It might be small, but according to head chef Pascal Deroubaix it's perfectly formed. And it has everything he needs to prepare the modern French cuisine offered on the menu at the 55-seat Bean Tree restaurant in Harpenden, Hertfordshire.Originally a coaching inn on the road to London, then converted to a private house, the building was bought last year by Ross McBeath, who had no hesitation in investing in good design and good equipment in the Bean Tree kitchen to make sure that the three-strong brigade had all the work surfaces, heat and cold it needed.

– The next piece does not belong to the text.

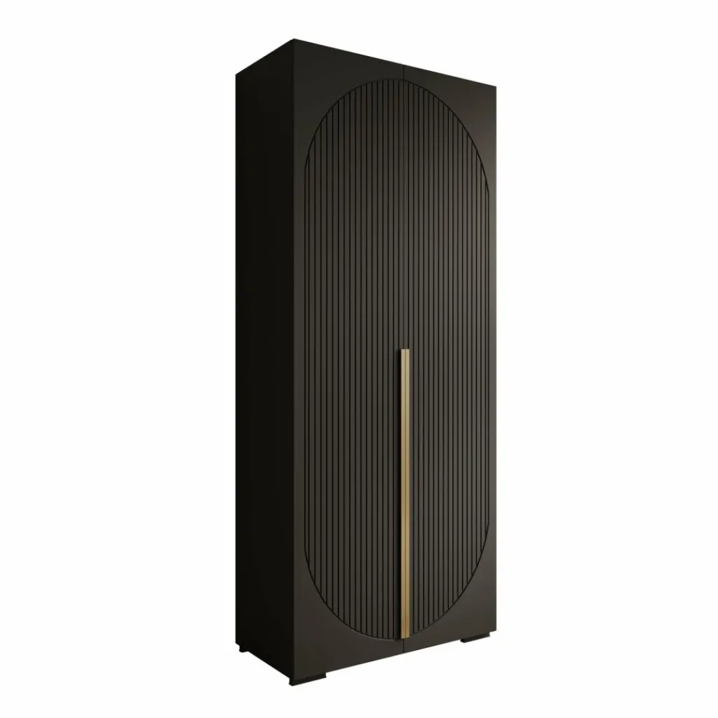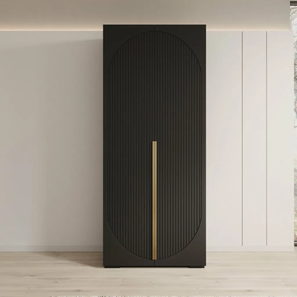 De zwarte afwerking, gecombineerd met de verticale belijning en het afgeronde detail in de deuren, geeft de kast een uitgesproken en modern karakter. De Mayfair kledingkast past goed in moderne en strakke interieurs waar vorm en functionaliteit samenkomen.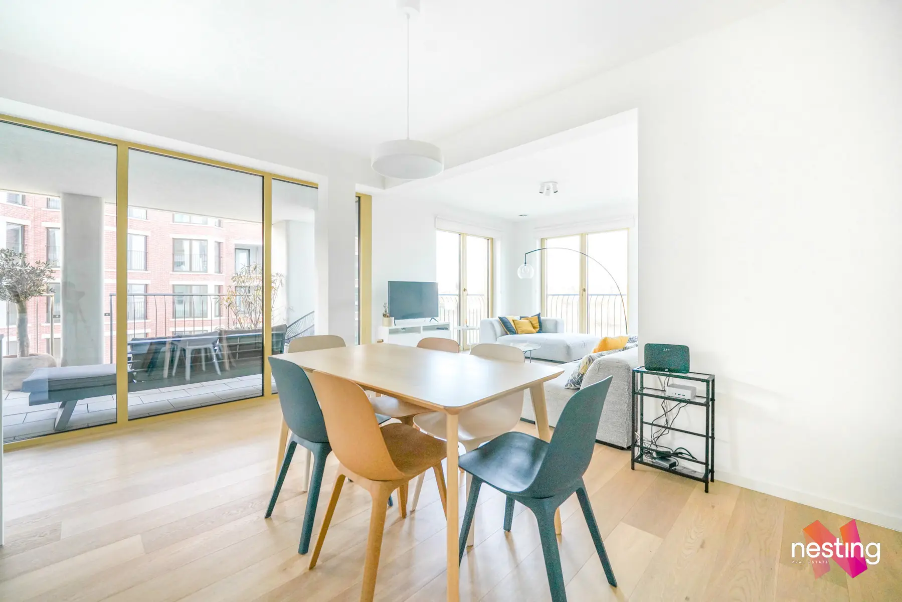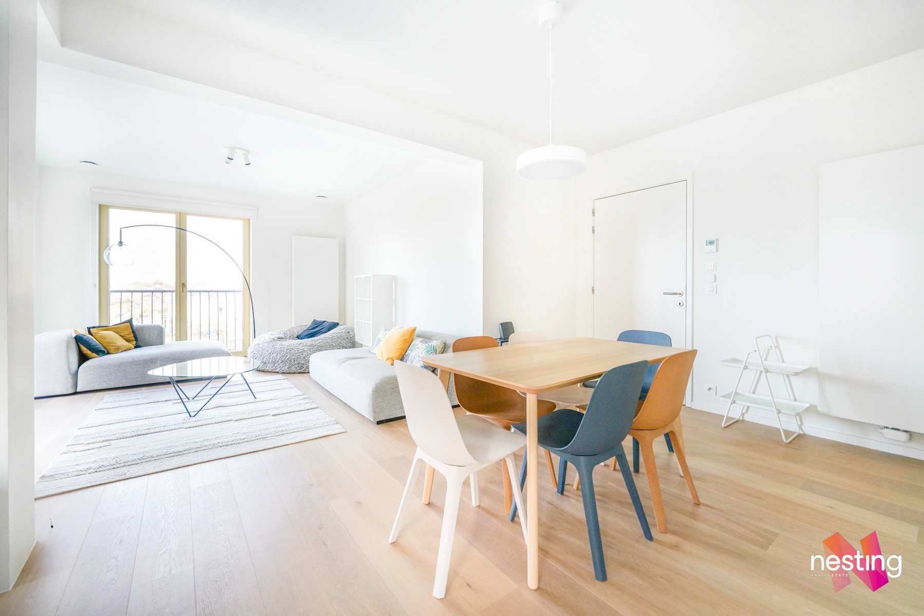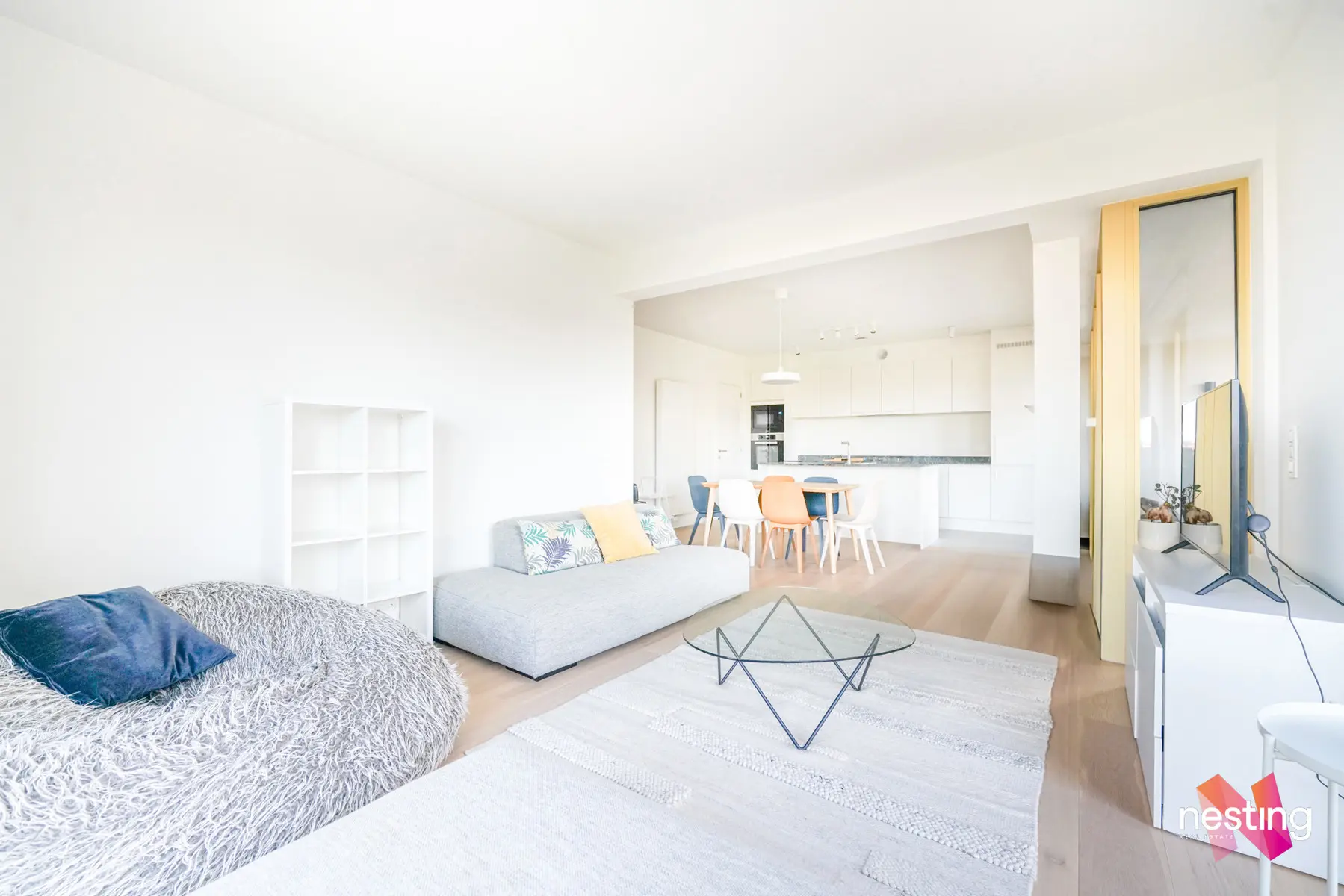 Un hall d'entrée, 3 chambres de +-15,5m2, +-11,5m2 et +-10m2 dont une avec une salle de bains privative et un dressing, une salle de douche, un grand séjour de +-45m2 avec une cuisine américaine super équipée et donnant accès à une terrasse de +-13m2.

Deroubaix is full of praise for his kitchen. It all works, everything is to hand and in the nine months he's been working in the kitchen he hasn't sworn at a fridge or slammed an oven door. Much of the prime cooking equipment is from the Lincat heavy-duty Opus range, which complements the light-duty and medium-duty equipment for which the company is best known.
Centre stage of the prime cooking area is an Opus six-burner gas range including oven and a similar size Opus gas solid top with oven underneath. Having both an open burner range plus a solid top might seem extravagant, but Deroubaix says it gives a lot of flexibility for his cooking needs, from the faintest of simmer on a corner of the solid top to fierce heat on the main open-range burner.
The menu features a number of roast dishes, including meats and fish, where different oven temperatures are needed, which makes having two ovens very useful. Similarly, with pan-fried dishes popular on the menu such as turbot, asparagus and bean-sprout casserole served with a marjoram jus, more range space is needed than a single six-burner could provide.
There's not much call for deep-fat frying at the Bean Tree other than a few starters and garnishes, but because of the volumes of food the kitchen needs to produce on busy nights, a Lincat Opus twin-tank electric fryer is fitted. Seldom is more than one tank in use, and there's a strict rule of manual filtration every night, not least because the kitchen deep-fries in olive oil. Rather than the standard crisping oil temperature of 180°C, Deroubaix says he can achieve excellent crisping at 160°C in olive oil, which prolongs oil life.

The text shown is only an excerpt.